Abstract: Machine Learning has been making waves in the tech sector for decades, but only recently are we seeing an acceleration in adoption of Machine Learning technologies by finance companies. In this talk, I will discuss the application of machine learning to a broad range of use cases in portfolio and risk management, as well as common pitfalls to look out for when working with financial data.
Learning Outcomes & Takeaways for Attendees
Understand how Machine Learning can be applied to the financial sector in various ways:
Detection of black swan events
Bet sizing & alpha capture
Learn about key challenges in applying machine learning to financial data
Non-stationarity of time series data
Bio: Min Yan is a Quantitative Researcher at Credit Suisse, where she utilises cutting-edge machine learning and statistical models to optimise automated trading strategies.
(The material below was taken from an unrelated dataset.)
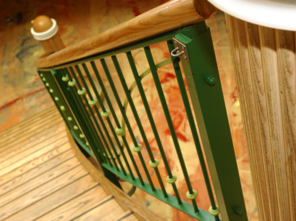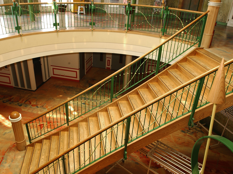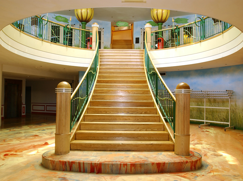 Duinrell, daar kikker je van op! Bij zo'n bijzondere locatie hoort ook een unieke trap en deze is dan ook ontworpen door een architect. Wij plaatsten hier een steektrap met gebogen bomen voor een theatraal effect. Deze royale steektrap met gebogen, uitwaaierende trapbomen is uitgevoerd in Amerikaans esdoorn, wat ook wel hard maple wordt genoemd. Er zit een bruine doorlopende antislipstrip van rubber onder de treden. De balustraden zijn van gemoffeld staal. Het resultaat mag er zeker zijn!

Before that, she worked in various Artificial Intelligence startups such as SWAT Mobility and KeyReply, on geospatial optimisation problems and multilingual Natural Language Processing models for context-aware chatbots. She was also part of Yahoo’s Search and Advertisement Platforms team in Silicon Valley, where she built distributed algorithms trained with deep neural networks on Tensorflow and Spark.
During her graduate studies at Carnegie Mellon University, Min Yan’s research was focused on developing AI-driven innovative sensing systems under the Human-Computer Interaction Institute. She has authored papers on extending the capabilities of wearable sensors and computer vision systems for health sensing, and using clustering algorithms to provide semi-automated feedback on programming assignments.
Currently, Min Yan also leads the team of Data Science Instructors at Heicoders Academy, a renowned technology education institution based in Singapore. She has a deep passion for education and seeks to make AI education accessible to the layperson.